Adding that: “That the Ministry of Petroleum & Mining has filled the requisite complains with the sector regulator, competition authority and the state security agencies led by the Directorate of Criminal Investigations (DCI) for all Oil Marketing Companies that have contravened the law by engaging in acts of economic sabotage.”

Further she noted that the government will go to the full hog to bring all persons and companies who are in breach of their licensing and operating guidelines to book.

Already, Rubis Energy Chief Executive Officer Jean-Christian Bergeron is said to be in trouble over the role of the oil company in the intermittent supply of fuel currently being experienced.

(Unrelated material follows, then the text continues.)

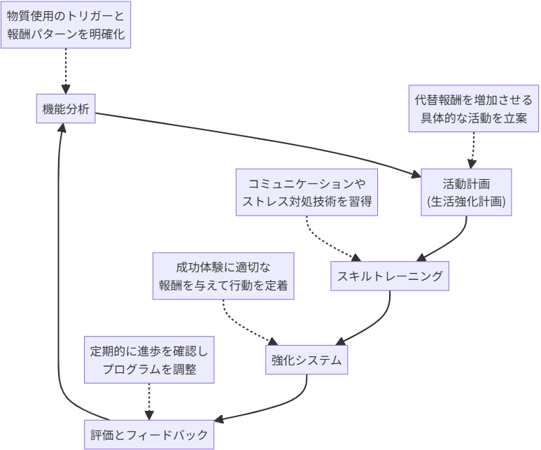この方法論の出発点となるのがオペラント条件付けの考え方です。人は“報酬が得られる行動”を繰り返しやすく、“報酬が得られない行動”は減少するという原理を応用し、物質使用のトリガーや使用後の効果を機能分析で明らかにしたうえで、趣味・運動・社会参加・仕事などから得られる代替的な“報酬”を計画的に増やしていきます。

The Government through the Kenya Pipeline Company reiterates that there are enough fuel stocks to meet the demand both for local and regional consumption.

“KPC’s current stock position in all their facilities …indicates that there are over 69 million litres of super petrol, more than 94 million litres of diesel, more than 13 million litres of kerosene and over 23 million litres of jet fuel available,” assured KPC Managing Director, Dr Macharia Irungu.

“Our global stock holding is adequate to serve the region, with more ships in Mombasa queued for discharge,” Dr Irungu added.

In the 2022/23 budget presented last week Thursday, the government spared fuel from the proposed 10% excise duty increase on unnamed commodities as the it explores ways to finance the record high Kshs. 3.31 trillion budget.

“In the Bill, I have also proposed to increase the specific rates of excise duty for a number of products by 10 per cent to generate additional revenue for the Government. Given the recent global increase in oil prices, I have excluded petroleum products from this increase,” said CS Yatani.